In Michelson’s view, the 2016 Standing Rock protests represented a kind of turning point for the environmental movement, which, much like the museum world, has largely been associated with well-to-do white people. Standing Rock “brought the environmental thread and the ongoing colonial thread together in a graphic way for people,” he said.
One piece featured in the exhibit had a strong connection to Standing Rock. Two “mirror shields” by artist Cannupa Hanska Luger were on display at “Nature’s Nation.” Fashioned out of plyboard and covered in reflective mylar, the shields actually served as protective gear for the water protectors at Standing Rock. When protesters held up the shiny boards, the police could see themselves in the reflection.
Born and raised on the Standing Rock Reservation in North Dakota, Luger is of Mandan, Hidatsa, Arikara, Lakota, Austrian, and Norwegian descent. “My relationship to the land has less to do with an artistic process and more to do with my upbringing, my heritage,” he said. He hopes the exhibit will spark further conversations around land issues, justice, and history.
“The level of indigenous voice in [‘Nature’s Nation’] is huge,” Luger said.

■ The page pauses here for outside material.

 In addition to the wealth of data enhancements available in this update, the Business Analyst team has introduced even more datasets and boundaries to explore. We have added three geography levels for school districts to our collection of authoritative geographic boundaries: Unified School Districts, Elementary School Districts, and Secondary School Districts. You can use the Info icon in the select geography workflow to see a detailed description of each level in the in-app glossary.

He was happy to be included. Still, he has concerns about the phenomenon of casting Native Americans as mystical land protectors — and assigning them the burden of repairing damage to the land.
Michelson shares these concerns. “I’m also leery of Native people, indigenous people now being ‘noble savaged’ into icons of environmentalism,” he echoed. Think of the “Crying Indian” PSA from 1971. Giving space to marginalized voices can help to break down these caricatures of identity, while also shining light on other important issues. “What I think indigenous contemporary art does actually pretty well is to offer examples of critiques that are connecting all these things that need to be connected and looked at holistically,” Michelson said.

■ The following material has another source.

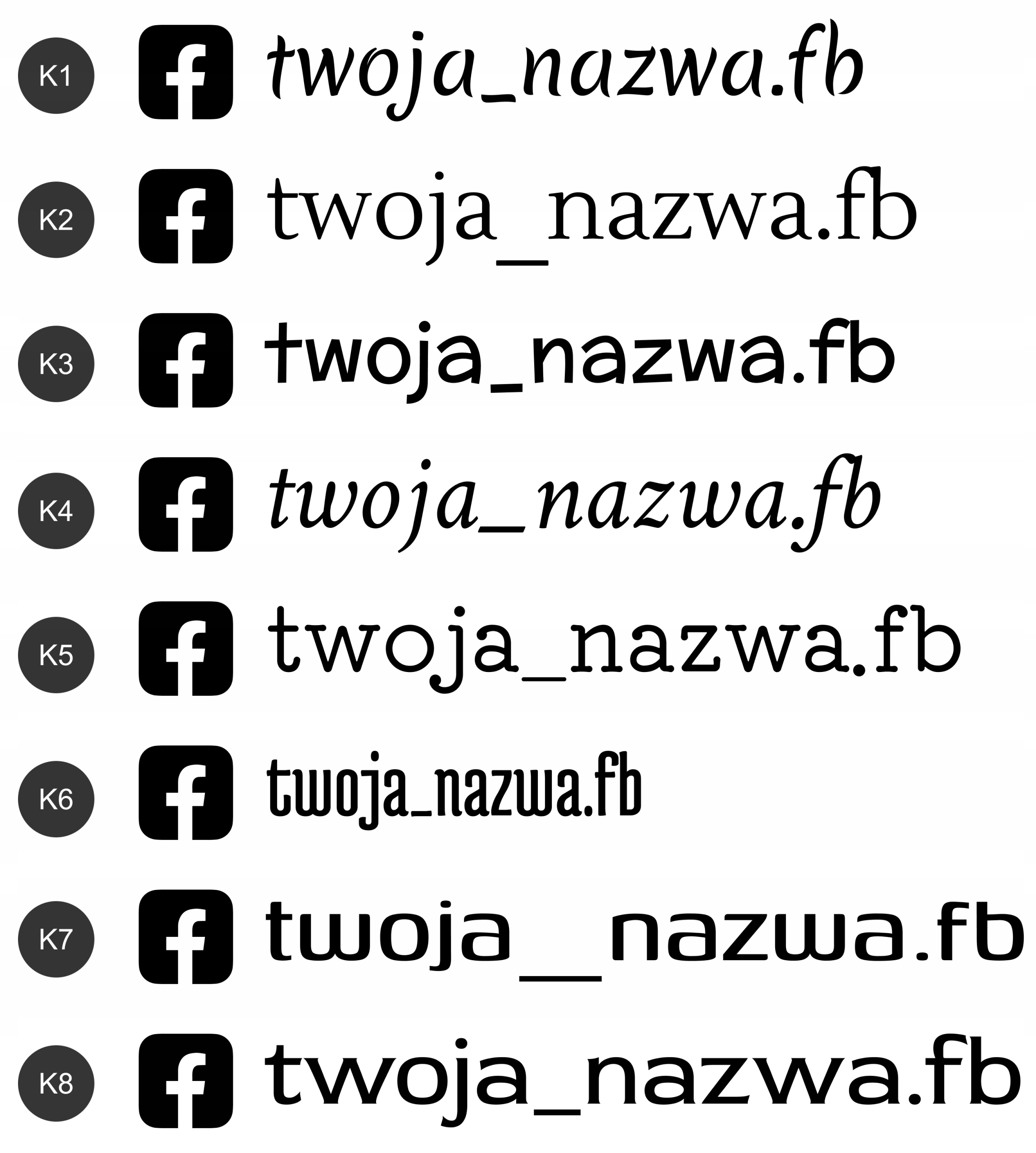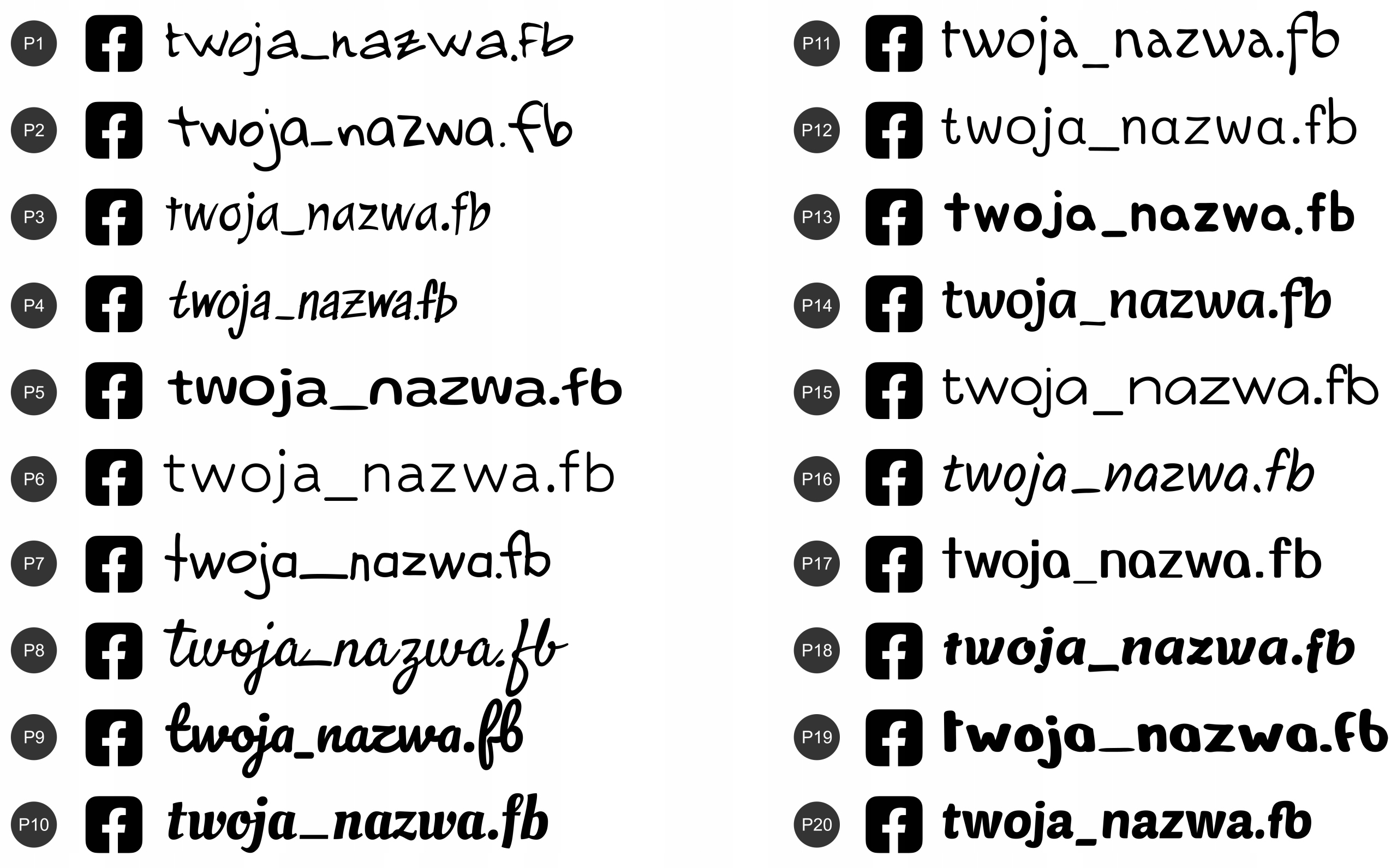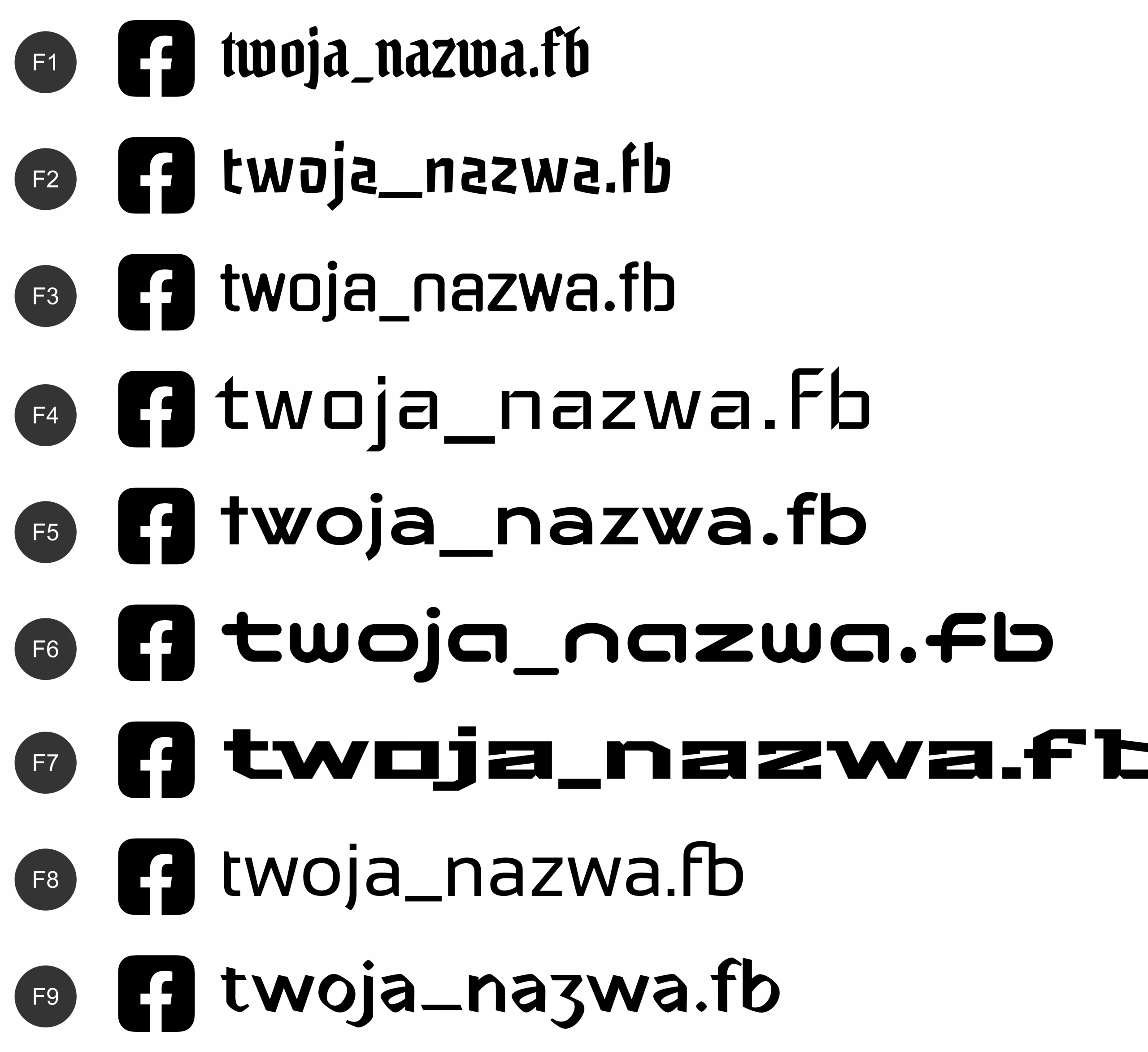 Пирогальная наклейка Имя пользователя Facebook 4CM Высокая высота, выбор шрифтов

The exhibit was on display at Princeton from October to January. During its display at the Ivy League university, most visitors already seemed to be on board with climate action, said Kusserow, the curator.
“In a way, we’re kind of preaching to the choir around here at Princeton,” Kusserow said. “I think most people came to the show with some knowledge of what we were trying to do, what climate change is, what the Anthropocene is.”
But that audience may soon change. In May, after leaving Salem, Massachusetts, where it is currently on display, the exhibit will head to its final destination: Crystal Bridges Museum of American Art in Bentonville, Arkansas. Unlike the two Northeastern locations, Bentonville is in a fairly red county. The museum, founded by Walmart heiress Alice Walton, attracts a large number of visitors — over 600,000 per year. More viewers are expected to see the exhibit there than anywhere else.
“Art carries ideology,” Michelson said. “And so it can shape public opinion.” He says he believes that environmental art could be the right medium to persuade those less familiar with the science of global warming. It strikes a balance — powerful enough to inspire change, and subtle enough not to dissuade nonbelievers.
“It’s not like somebody standing on a soapbox and arraigning you, or trying to stuff a handout in your hand,” Michelson said. “It just sits there. And you can look at it or not look at it, you can be bored by it and pass it by, or you can just sit there and take it in.”